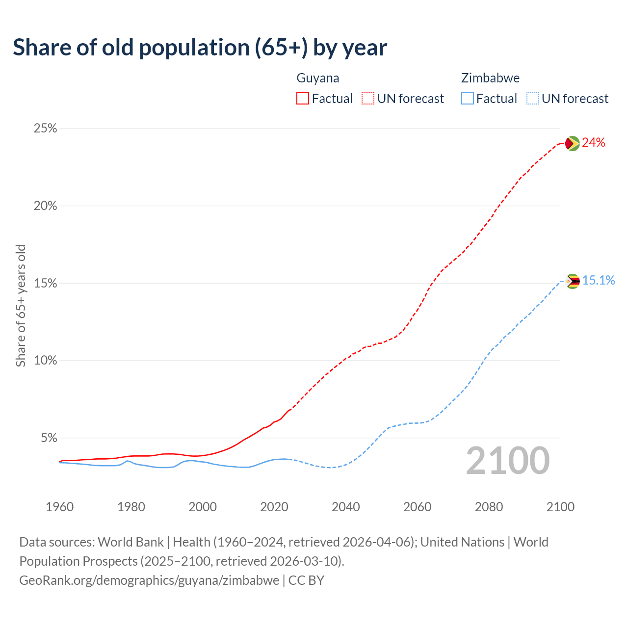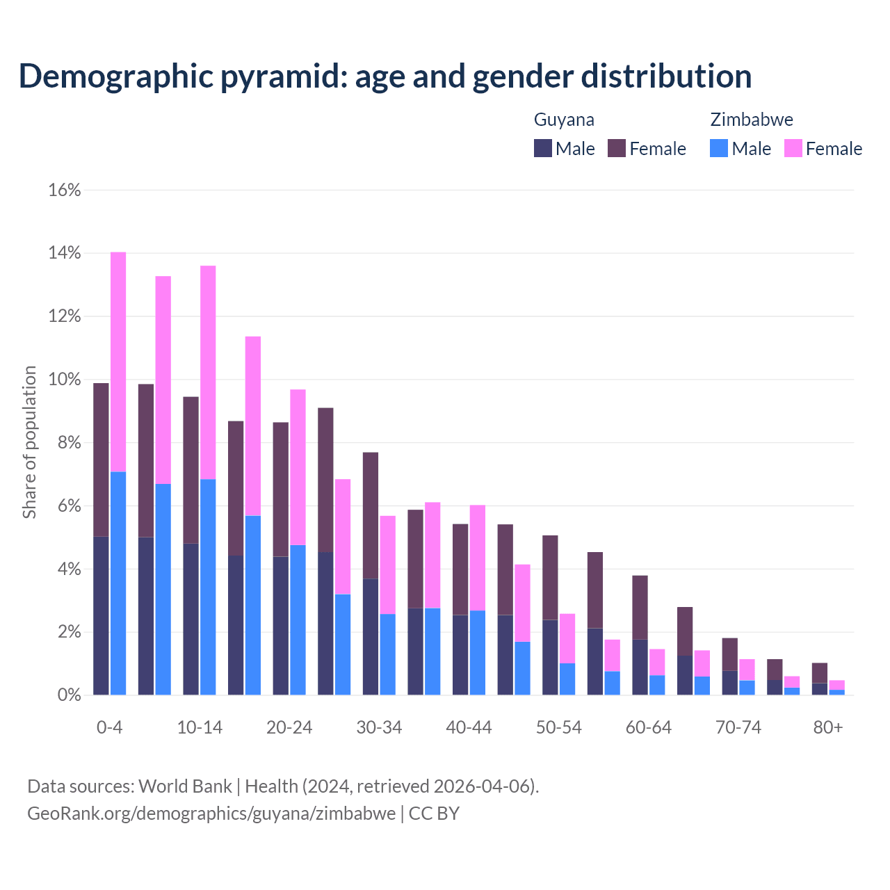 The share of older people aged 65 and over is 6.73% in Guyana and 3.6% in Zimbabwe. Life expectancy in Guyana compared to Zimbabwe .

##############################

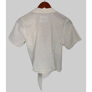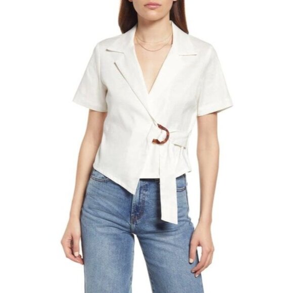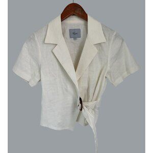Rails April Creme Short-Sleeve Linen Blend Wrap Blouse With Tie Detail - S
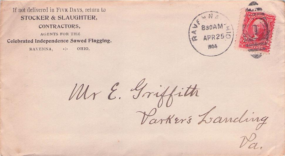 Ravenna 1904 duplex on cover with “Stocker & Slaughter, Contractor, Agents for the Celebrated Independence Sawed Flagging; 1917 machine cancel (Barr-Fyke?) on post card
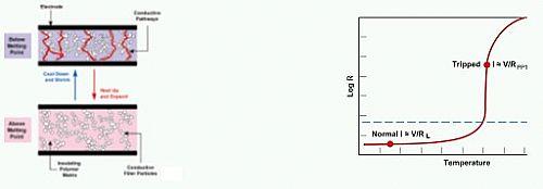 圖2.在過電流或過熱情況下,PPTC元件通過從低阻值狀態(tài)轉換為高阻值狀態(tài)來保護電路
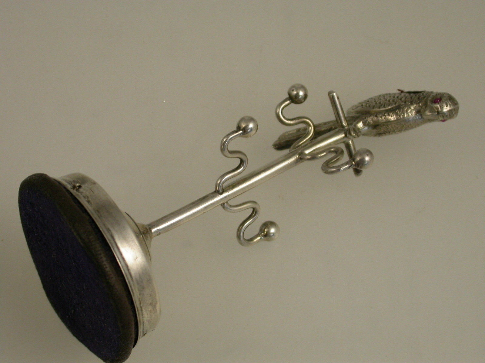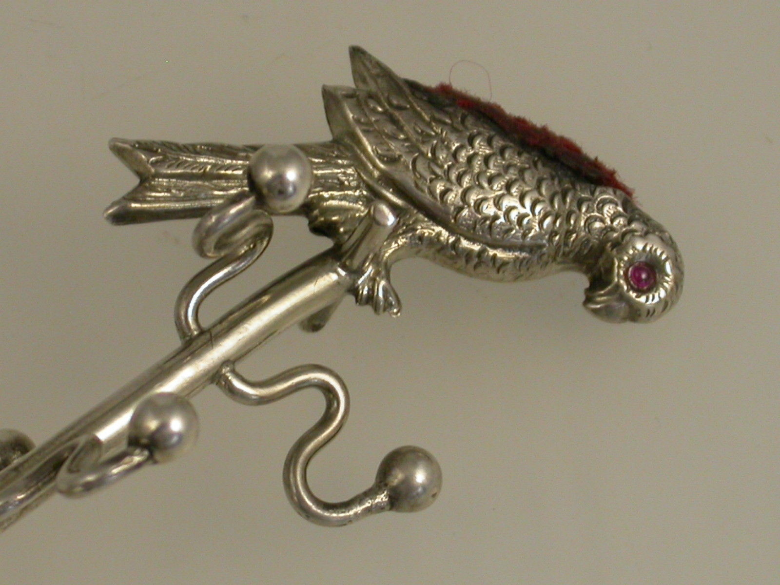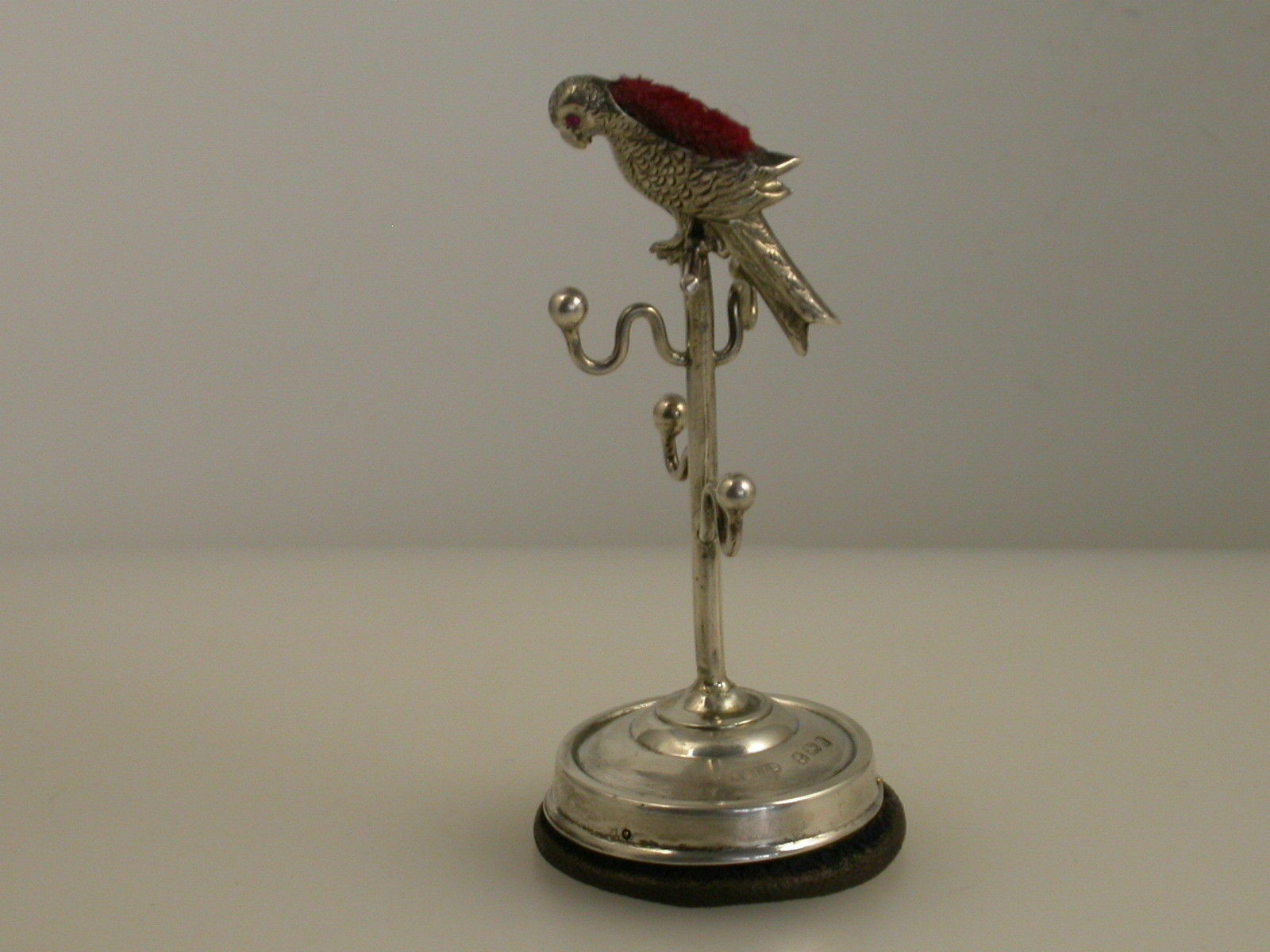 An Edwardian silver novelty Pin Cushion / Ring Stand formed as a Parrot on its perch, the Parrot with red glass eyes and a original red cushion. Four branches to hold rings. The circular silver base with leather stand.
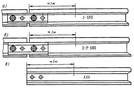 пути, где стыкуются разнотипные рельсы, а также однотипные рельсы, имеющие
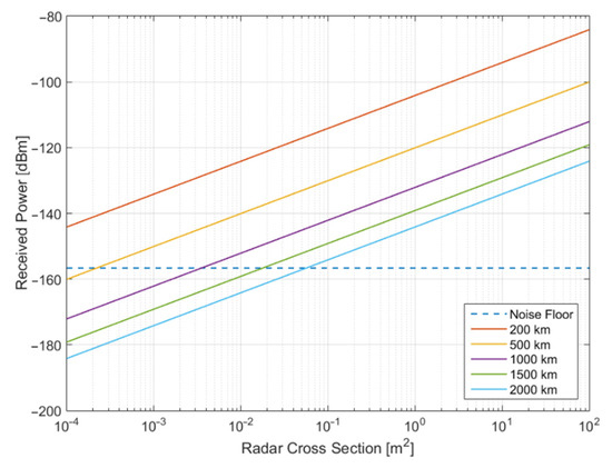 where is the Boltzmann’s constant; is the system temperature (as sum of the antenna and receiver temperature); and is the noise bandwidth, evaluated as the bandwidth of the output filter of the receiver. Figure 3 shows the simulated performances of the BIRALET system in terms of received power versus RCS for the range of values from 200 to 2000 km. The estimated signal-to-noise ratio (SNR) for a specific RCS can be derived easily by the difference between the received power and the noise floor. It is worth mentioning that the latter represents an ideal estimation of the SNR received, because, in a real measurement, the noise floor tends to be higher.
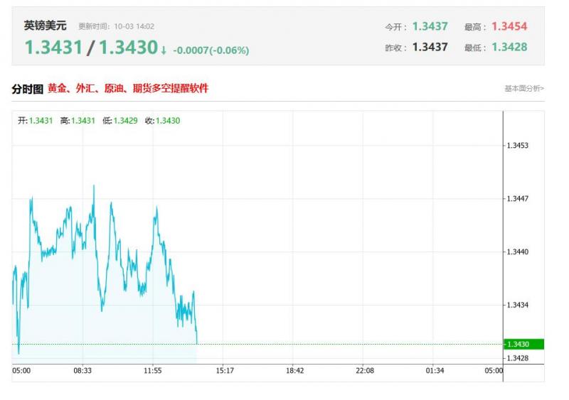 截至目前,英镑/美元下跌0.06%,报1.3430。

##############################

TASK INSTRUCTIONS
Give again, exactly as written above, each line from the one that has "пути, где стыкуются" to the one that has "截至目前,英镑/美元下跌0.06%,报1.3430。", both included; omit the pictures.

RESPONSE BELOW
 пути, где стыкуются разнотипные рельсы, а также однотипные рельсы, имеющие
 where is the Boltzmann’s constant; is the system temperature (as sum of the antenna and receiver temperature); and is the noise bandwidth, evaluated as the bandwidth of the output filter of the receiver. Figure 3 shows the simulated performances of the BIRALET system in terms of received power versus RCS for the range of values from 200 to 2000 km. The estimated signal-to-noise ratio (SNR) for a specific RCS can be derived easily by the difference between the received power and the noise floor. It is worth mentioning that the latter represents an ideal estimation of the SNR received, because, in a real measurement, the noise floor tends to be higher.
 截至目前,英镑/美元下跌0.06%,报1.3430。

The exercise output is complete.